5/10
These Ships Don't Pass Unnoticed
14 January 2013
Living On Love is a roadshow remake of Rafter Romance that William Powell and Ginger Rogers had done only four years earlier. Someone at RKO must have been stuck for an original story and recycle this one. The slightly less well known James Dunn and Whitney Bourne are in this film as leads.

It's a pleasant enough comedy concerning two people sharing a room at different hours. Whitney is a salesgirl working selling electric shavers for Franklin Pangborn who would like to get better acquainted and she works by day.

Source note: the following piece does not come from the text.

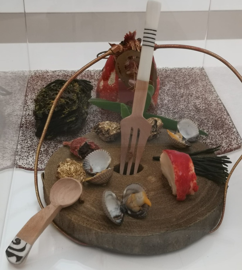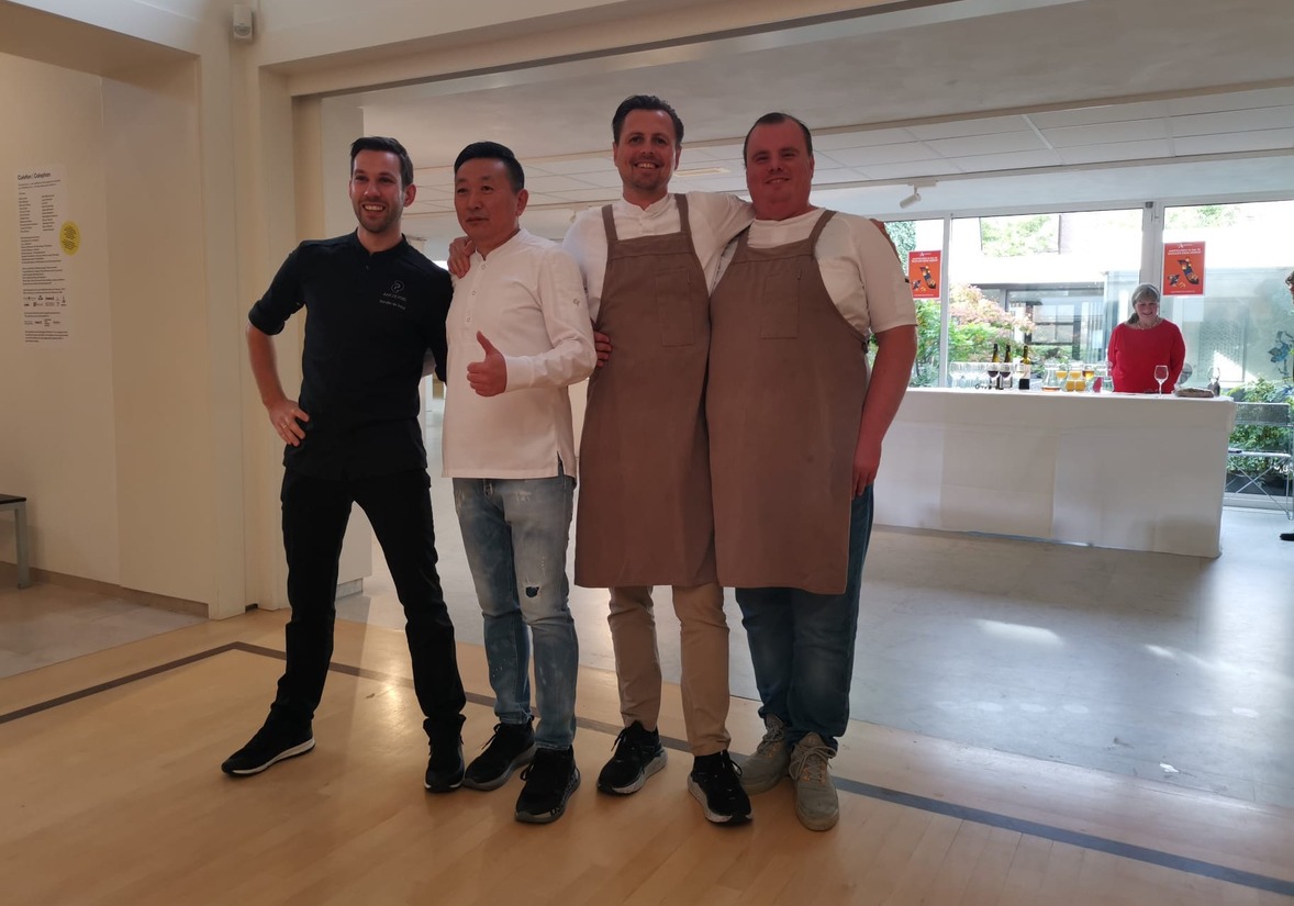 Ming van Micaro creëerde met mukimono, de Japanse decoratieve eetsnijkunst, van dunne plakken tilapia een Aziatische geluksvogel die met wat soja en wasabi zo gegeten kon worden. Tussendoor serveerden de chefs wat hapjes geïnspireerd op de kunstwerken.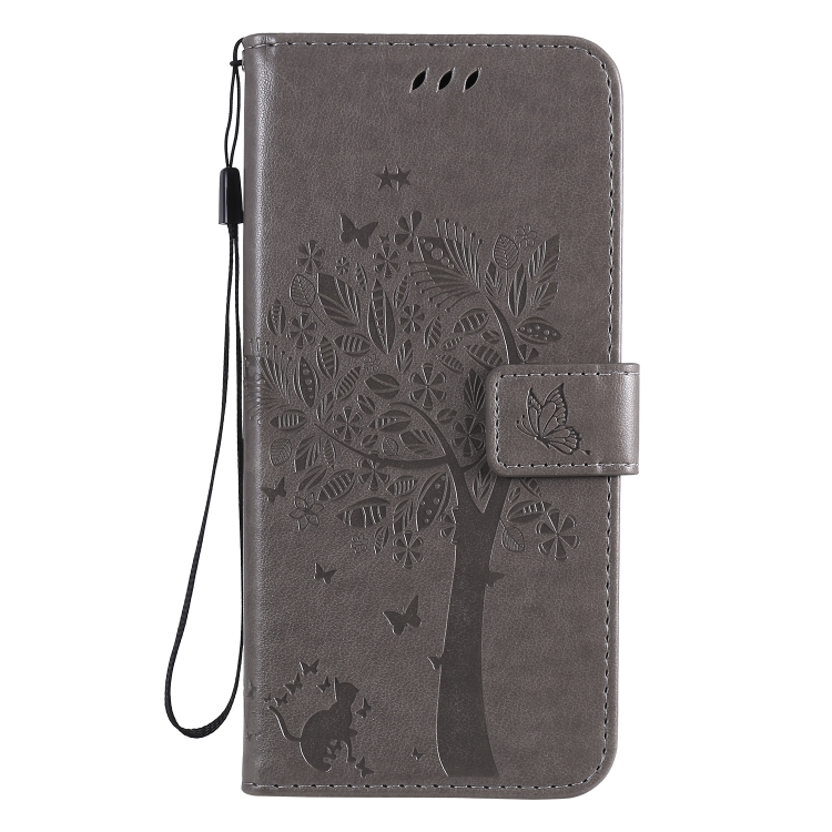 Funda de Cuero para LG K61 Tree & CAT con Tapa Horizontal, Soporte, Ranuras para Tarjetas y Cordón (Gris)

Her night time roommate is Dunn who is an artist, but works at night as a truck dispatcher.

These two ships that pass in the night don't pass unnoticed and both have habits that annoy. But when they happen to meet there is an attraction that takes the entire running time of the film to bear fruit. Of course neither figure out that the other is the annoying roommate until almost the end of the film.

Living On Love is a pleasant enough screwball comedy with some other good supporting performances by Joan Woodbury as the daughter of the owner of a nearby restaurant that both leads meet at and who has an interest in Dunn. And best of all is Solly Ward as the landlord who for the want of a radio with all kinds of features rents that room with that arrangement to Bourne.

Some of the same comedy situations can also be found in The More The Merrier, a slightly better known film. Even with lesser known leads, Living On Love is your average screwball Thirties comedy much like it's predecessor.